Client Questions: Why Have International Markets Been So Strong?

November 6, 2025

For years (perhaps decades), the US market has consistently outperformed US markets. US stocks represent over 60% of global equities and one US company (Nvidia) now has a market cap that exceeds the value of the entire Canadian and UK stock markets.

However, a quick glance at global market performance in 2025 shows a changing story – at least for this year.

Thru October 31, YTD returns are as follows:

S&P 500 (common index of US equities) – 17.5%

MSCI EAFE (common index of developed international markets) – 26.6%

MSCI EM (common index of emerging international markets) – 32.9%

What has led to the outperformance of international markets in 2025? A major contributing factor is the move in the US dollar. The US dollar has declined relative to other currencies this year (even as it remains at elevated levels). The weakening dollar is a bit surprising as US rates have stayed “higher for longer” compared to other countries and may be related to the increasing debt load in the US and ongoing political uncertainty.

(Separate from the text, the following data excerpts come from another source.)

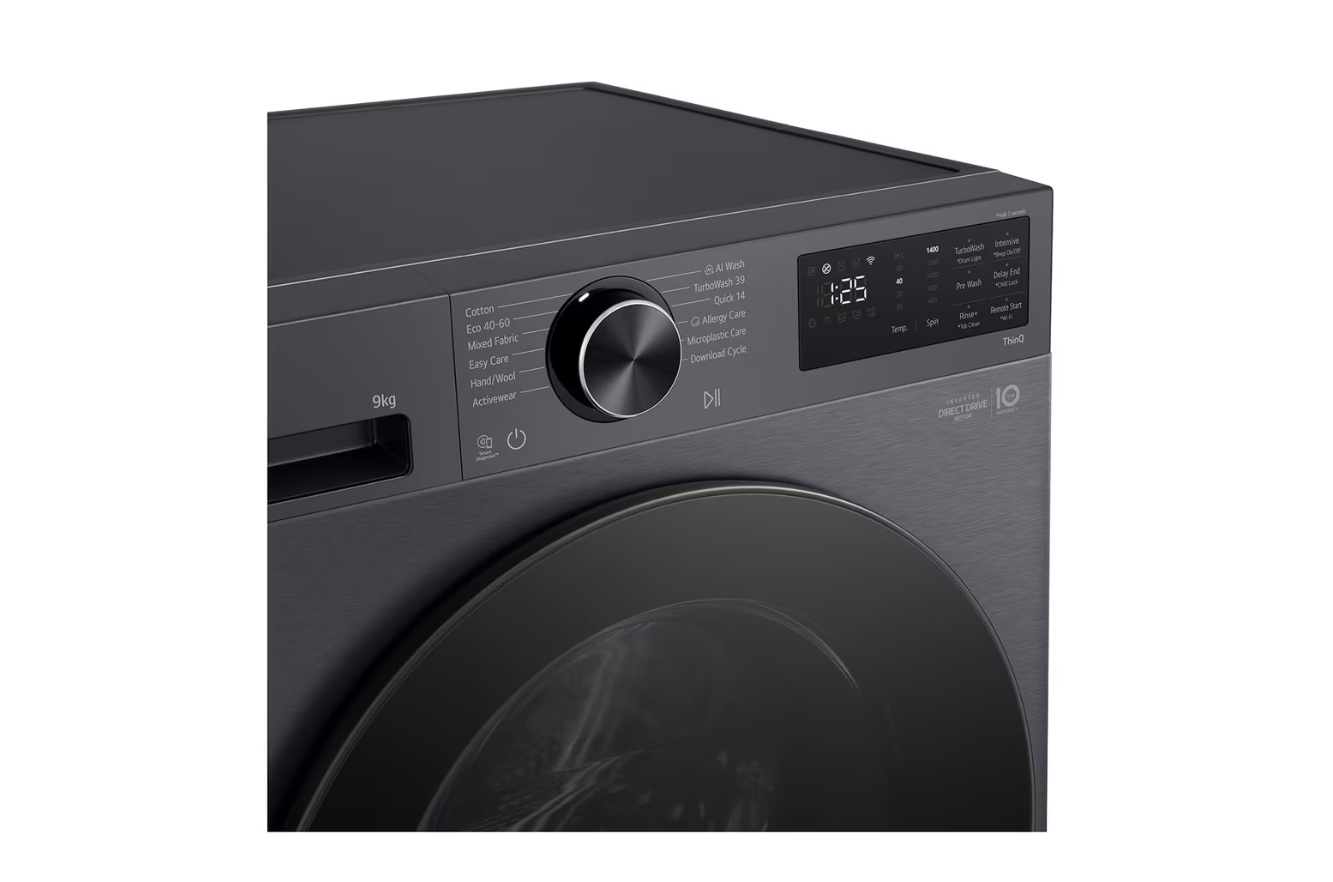 The AI Wash cycle uses the best motion and stroke depending on the fabric for optimal care; LG AI Direct Drive™ detects load and fabric characteristics to offer 18% more fabric care; LG\\'s Steam™ technology uses powerful sanitising steam to reduce allergens by up to 99.99%; LG ThinQ™ Wi-Fi models allow simple control, monitoring and even download of new cycles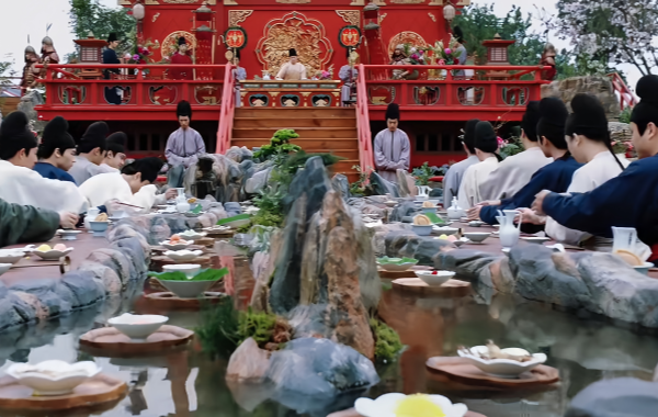 Historical Context: During the Tang and Song dynasties, scholars and poets would gather outdoors to compose verses inspired by spring’s beauty, a tradition known as floating wine cups along a winding stream (曲水流觞, qū shuǐ liú shāng). Participants would place cups in a stream, and whoever caught one had to recite a poem or drink as punishment.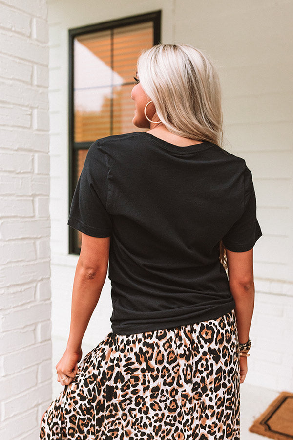 Show off your super mama powers with this adorable black tee featuring soft lightweight material with bold leopard print block lettering on the front, a high rounded neckline, short loose sleeves, and a relaxed silhouette that falls into a straight hemline that can be knotted! You can style this casual cutie a variety of ways, like layered under a denim jacket with a leopard skirt and trendy sneakers, but you can also wear it solo with some distressed ankle skinnies, "The Allen Wedge in Black," sunnies, and our "Luxe Experience Leopard Tote!" Measurements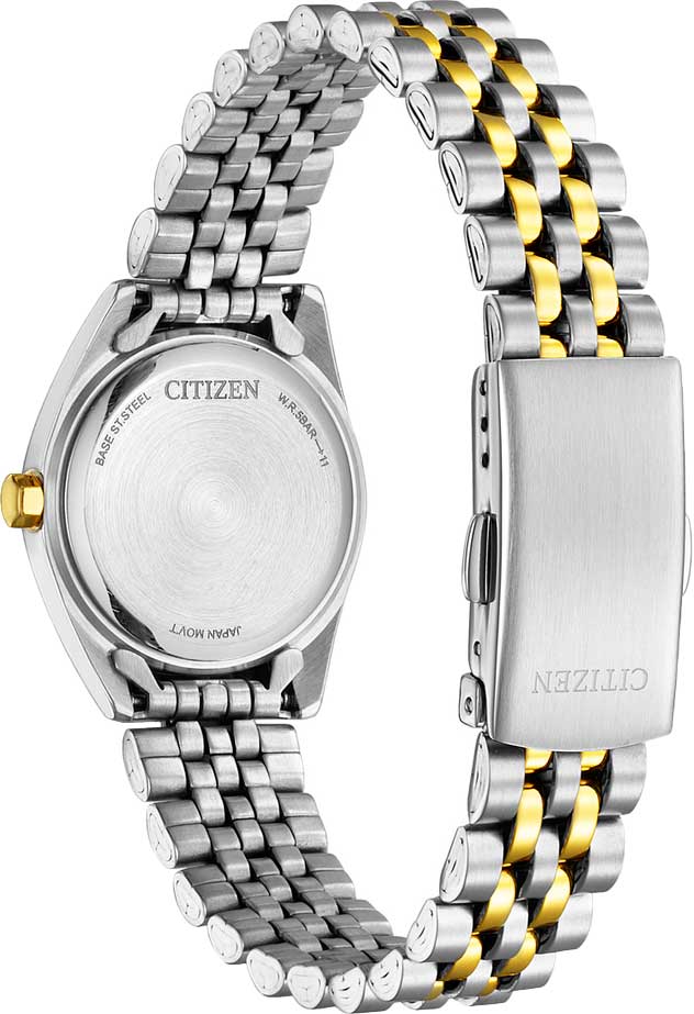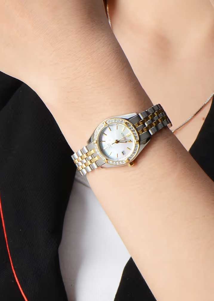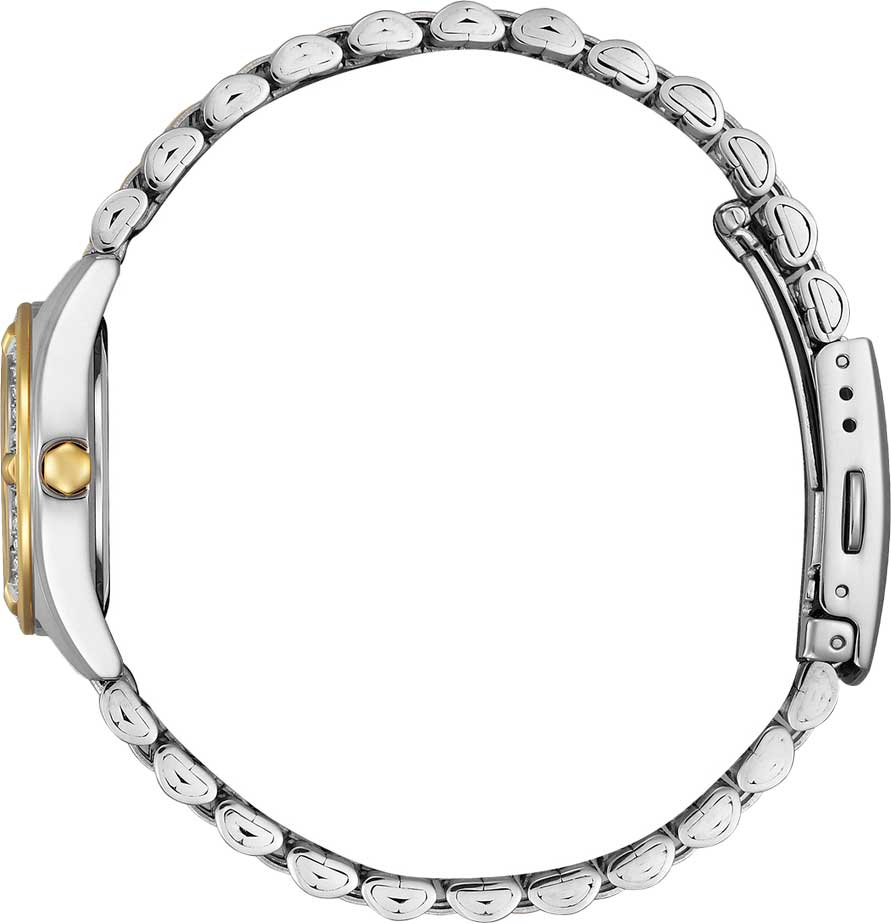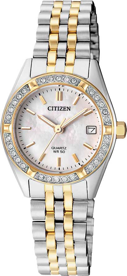 Женские часы с круглым стальным корпусом. Перламутровый циферблат с метками в виде штрихов. Окошко даты находится в положении 3 часа. Безель украшен паве из кристаллов. Браслет с раскладывающейся застежкой.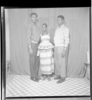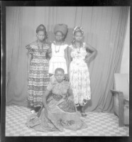 four young women posing in a studio; three are standing wearing the same white and black dress, the other is kneeling wearing a dress, all are wearing necklaces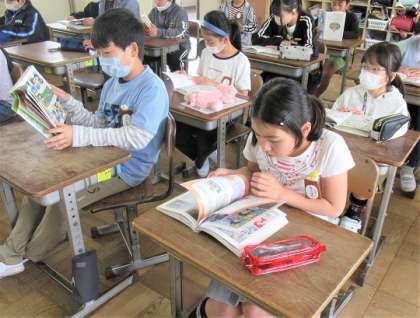 5年生の様子です。各自、好みの本を選んで読んでいます。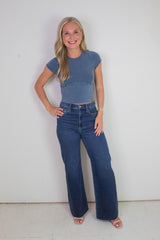 Far Out High Rise Wide Leg Jeans, Waterfall | Daze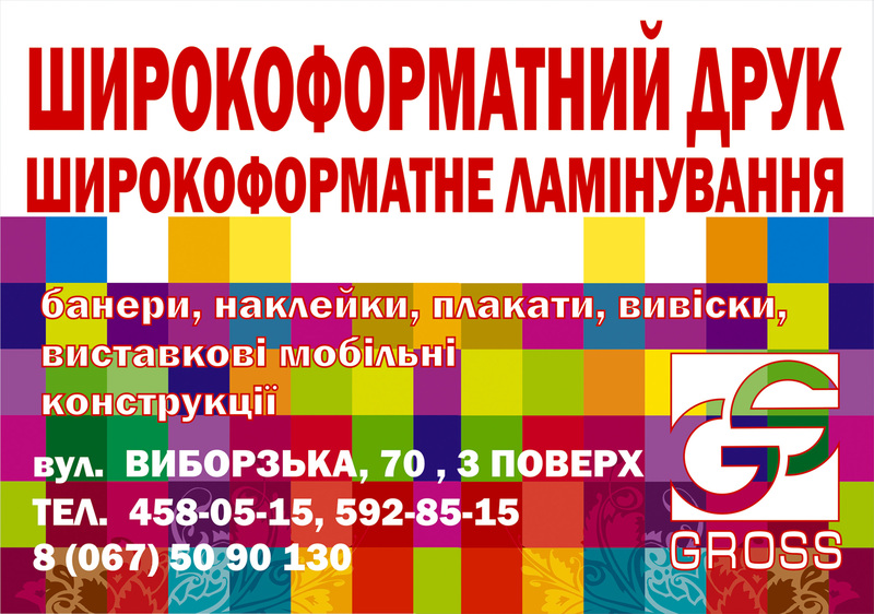 ПП «Гросс» - це компанія, що динамічно розвивається. Основний напрямок діяльності - надання друкованих послуг великого формату, як зі звичайним, так і з фотографічною якістю.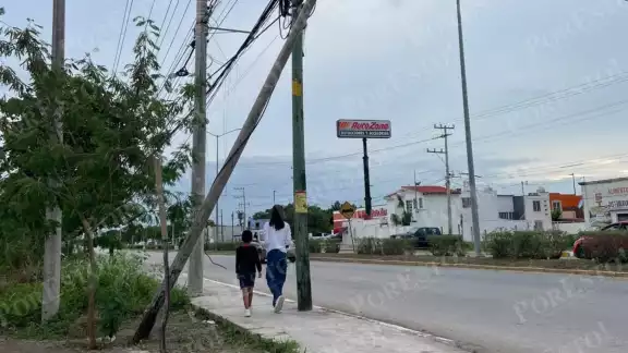 Por separado, Lorena Cahuich señaló que la estructura en cuestión desde el año pasado permanece inclinada hacia el costado izquierdo de la avenida, sostenida por cables de baja tensión y de telefonía. “El poste inclinado está a punto de caer, y lo peor del asunto es que nadie se ha dignado a venir a retirarlo. Creo que están esperando a que caiga para que entonces hagan algo”, añadió.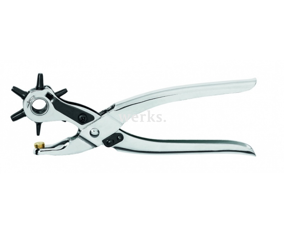 Клещи просечные профессионального уровня с револьверной головкой Rennsteig RE-1052204, никелированные, имеют длину 260 мм и массу 280 г. Они изготовлены из высококачественной листовой стали. Инструмент револьверного типа оснащен шестью вращающимися пуансонами с диаметрами 2, 2,5, 3, 3,5, 4 и 5 мм.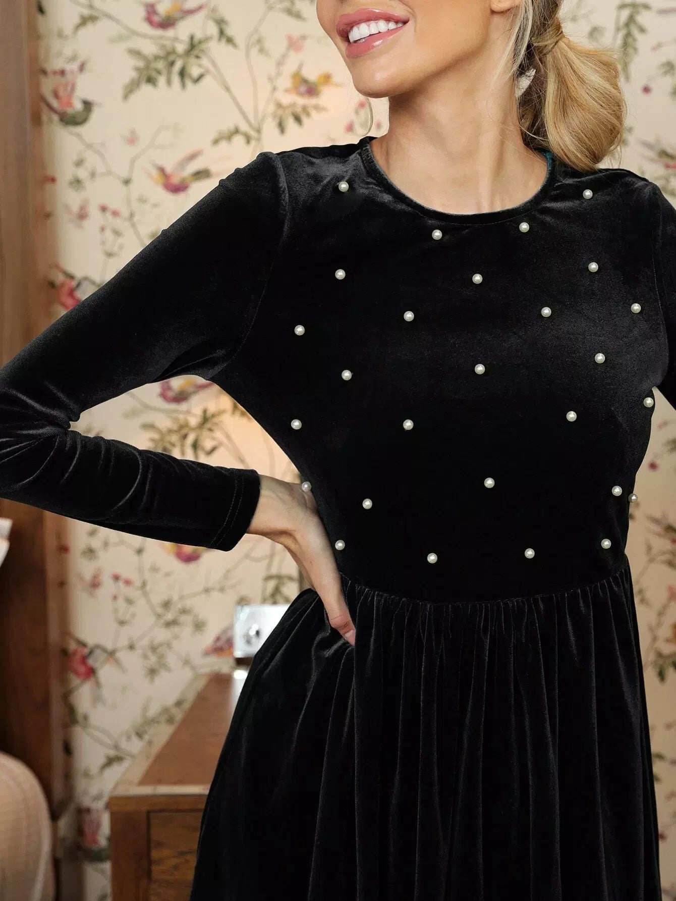 Zipper Back Pearls Beaded Velvet Dress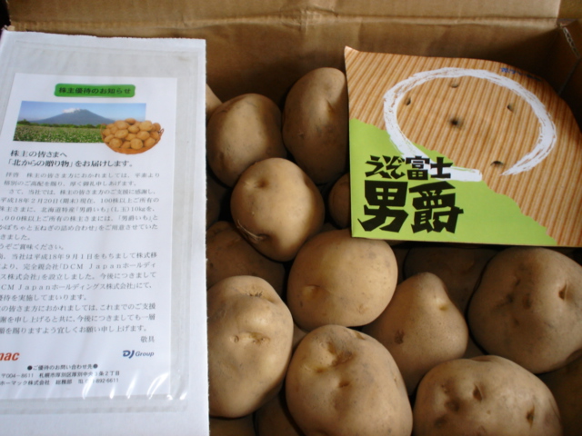 ホーマックとして最後(現・DCM japanホールディングス。ホーマック・カーマ・ダイキの共同持ち株会社)の株主優待品、ジャガイモ10キロ 届きました。地元にこの会社の店があるので、日用品はそこで買うように心がけようと思います。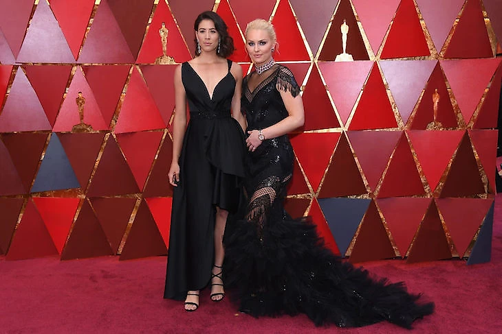 На ковровой дорожке 24-летняя Мугуруса позировала с лыжницей Линдси Вонн,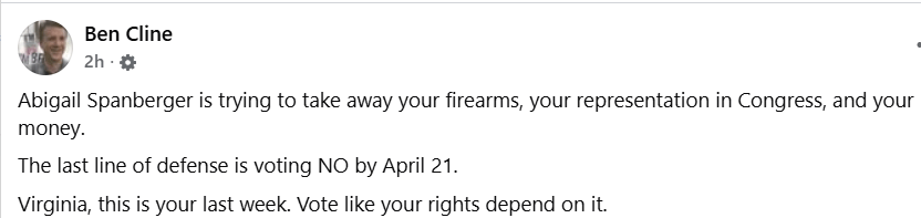 Gov. Spanberger is not trying to take away firearms from anyone who legally possesses them. (Details here.)
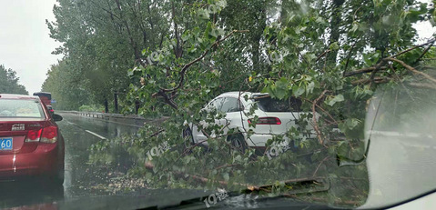 这风也太大吧!320国道上吹断了树 把保时捷给砸了!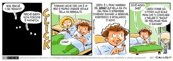 Jane: Bob, perché ti sei fermato? – Bob: Perché questa nuova posizione è fantastica. – Bob: Possiamo anche dire che è un vero e proprio upgrade virtuale della mia sessualità. – Jane: Cosa? – Bob: Certo. E’ il primo ingresso del sesso 2.0 nella mia vita. Ora, prima di riprendere,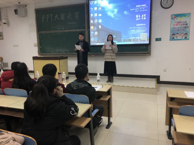 为倡导青春正能量,并展现大学生精神新风貌,11月21日晚七点,学院大学生心理自助中心于博一A101举办“心约”PPT决赛,本次决赛邀请到17级兼职辅导员舒畅老师、16级兼职辅导员冯小雨老师及各学院心理自助中心负责人作为比赛评委。参赛同学以“离人愁”、“心心相印”、“风雨无阻,负重前行”为主题,结合自己制作的PPT,进行精彩的演讲。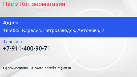 Пёс и Кот, зоомагазин по адресу 185033, Карелия, Петрозаводск, Антонова, 7 в дальнейшем Организация, размещена в следующих категориях: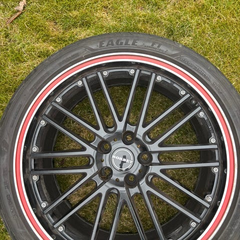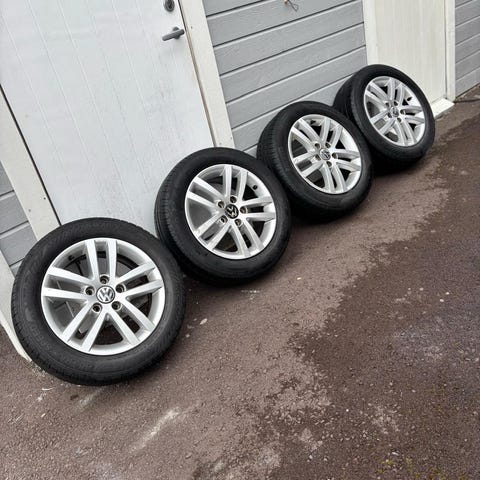 Fete felger og dekk. Har stått på Vw golf 2012. Nankang dekk bak (nye mai 2025)og Maxxis foran. Det er er bruksmerker på de. Kantkjøring osv. Høyre bak er det litt kast i.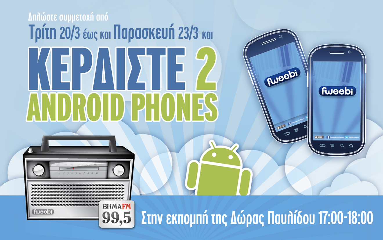 H κλήρωση για το 2 android Smartphone της Vodafone σε συνεργασία με τοFweebi έγινε στον αέρα λίγο πριν τις 18.00 την Παρασκευή 23/3/2012. Η νικήτρια ΜΕ ΤΟ LIKE ΤΗΣ είναι η Ελένη Παρασίδη η οποία επικοινώνησε μαζί μας προκειμένου να παραλάβει το δώρο της. Το δεύτερο κινητό ΜΕ ΤΟ SMS ΤΗΣ κέρδισε η Κορίνα Γεωργαρίου. Εχουμε επικοινωνήσει μαζί τους προκειμένου να πάρουν τα δώρα τους. Ευχαριστούμε όλους όσους συμμετείχαν στο διαγωνισμό και σας υποσχόμαστε κι άλλα συναρπαστικά πράγματα μέσα από τους 99,5 και τον Vimafm! Ο ΔΙΑΓΩΝΙΣΜΟΣ ΜΑΣ Ο ΟΠΟΙΟΣ ΟΛΟΚΛΗΡΩΘΗΚΕ

Trade policies have also played a role. Even though the tariffs may be seen (and are in many cases) a headwind for global companies, they have also lead to some investors (particularly foreign ones) reallocating capital and business transactions to other economies as a repudiation to America.

There has also been pronounced stand-alone strength in various foreign markets. Europe has seen declining rates which is a tailwind to equities. Germany has ramped up defense spending, boosting its economy. South Korea and China had benefited from their own AI build-out/technology strength.

Starting points also matter a great deal in investing and international markets began the year at valuations far below historical trends and well below those of the US market.

Will these trends continue? This table published by Morningstar shows the stark differences between the US and the rest of the world even after this year’s return differential.

US markets, increasingly dominated by technology companies with a foot in the AI trade, has led to massive concentrations, high returns on invested capital, lower yields and higher valuations in the US equity markets as compared to international markets. And yet, some may argue that the US markets have a consistent history of delivering innovation and growth unmatched elsewhere.

So does diversification make sense? Diversification is a well-known tactic for dealing with uncertainty. No one (despite what they may say) knows what comes next for the US or foreign markets in terms of AI, demographics, monetary policy, debt levels, and countless other factors. Diversifying your investments across a variety of areas (including geographical areas) can be a useful way to hedge against this uncertainty but as always, work with your advisor to find the approach that is right for you and your financial future.